COLLECTED MATERIAL
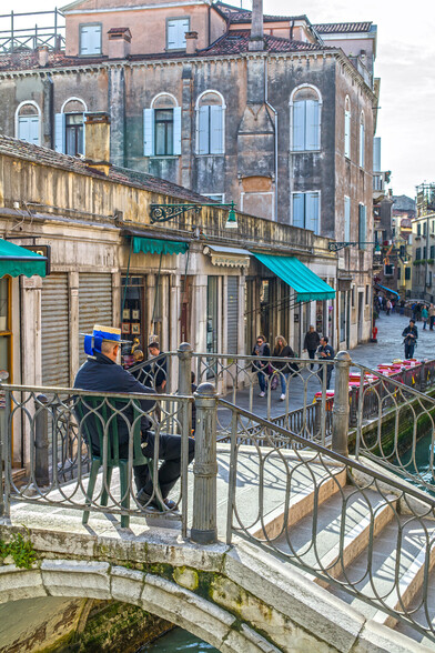 Gondolier waiting for tourists sitting on a bridge on a canal in Venice
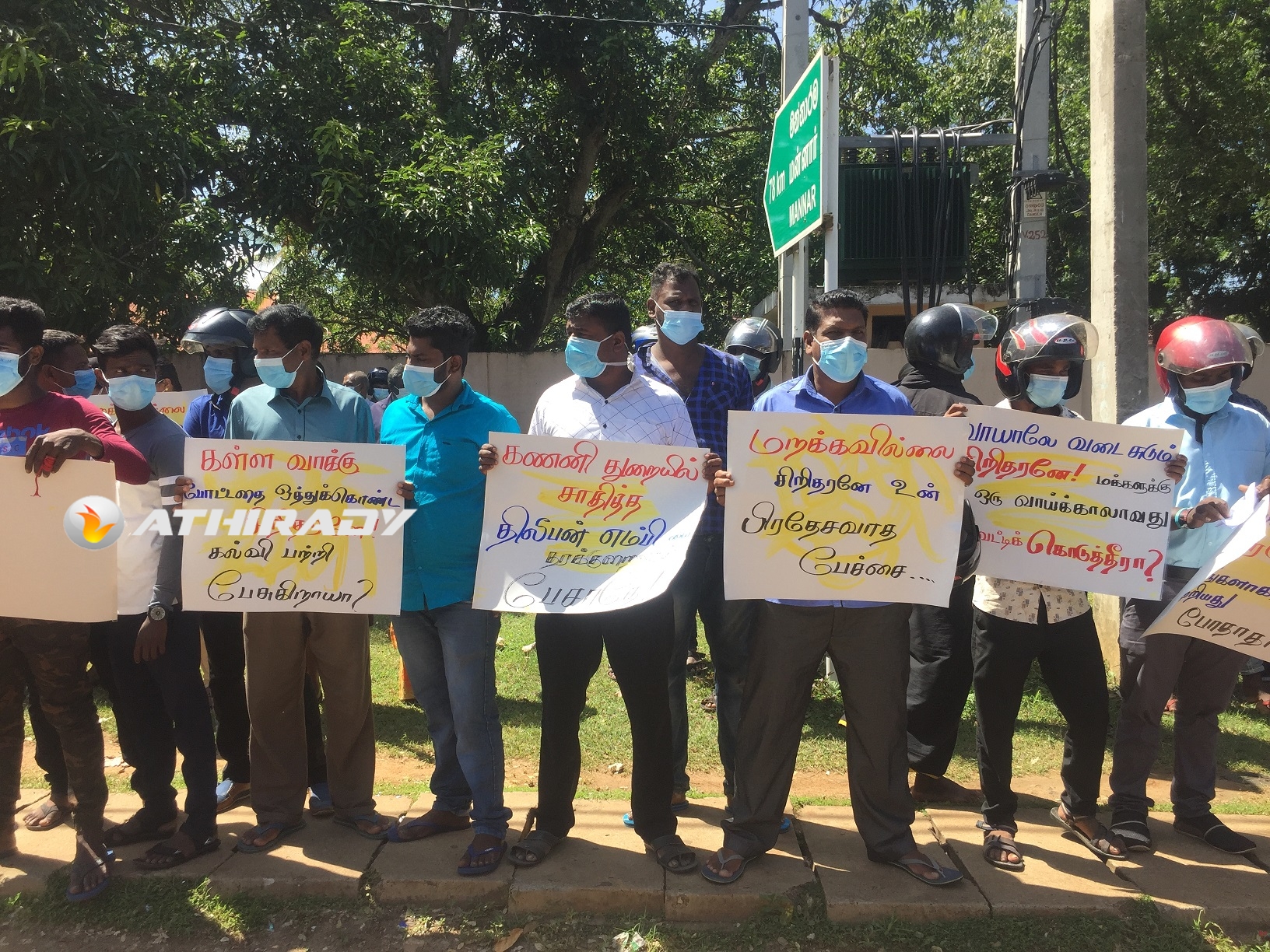 தமிழ் தேசியக் கூட்டமைப்பின் நாடாளுமன்ற உறுப்பினர் சிறிதரன் அவர்களுக்கு எதிராக ‘கள்ளவாக்கு சிறிதரனே கல்வியைப் பற்றி பேசாதே’ எனக் கோசம் எழுப்பியவாறு வவுனியாவில் கண்டன ஆர்ப்பாட்டம் ஒன்று இடம்பெற்றது.
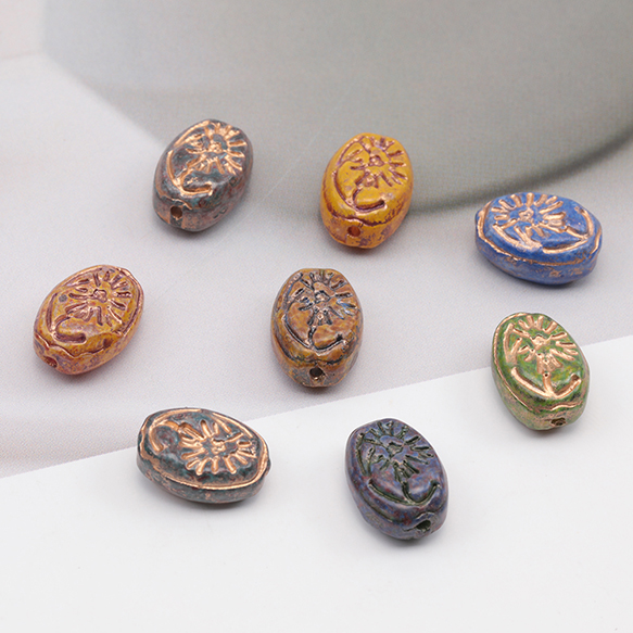 チェコ調ガラスビーズ 花模様 オーバル チェコガラス風 アンティーク風 カラーランダム 約8×12mm(10ヶ)

WHAT THE TASK REQUIRES
From the line containing "தமிழ் தேசியக் கூட்டமைப்பின்" to the end of the listing, restate each line word for word and nothing more; the pictures stay out.

SOLUTION FOR THIS EXERCISE
 தமிழ் தேசியக் கூட்டமைப்பின் நாடாளுமன்ற உறுப்பினர் சிறிதரன் அவர்களுக்கு எதிராக ‘கள்ளவாக்கு சிறிதரனே கல்வியைப் பற்றி பேசாதே’ எனக் கோசம் எழுப்பியவாறு வவுனியாவில் கண்டன ஆர்ப்பாட்டம் ஒன்று இடம்பெற்றது.
 チェコ調ガラスビーズ 花模様 オーバル チェコガラス風 アンティーク風 カラーランダム 約8×12mm(10ヶ)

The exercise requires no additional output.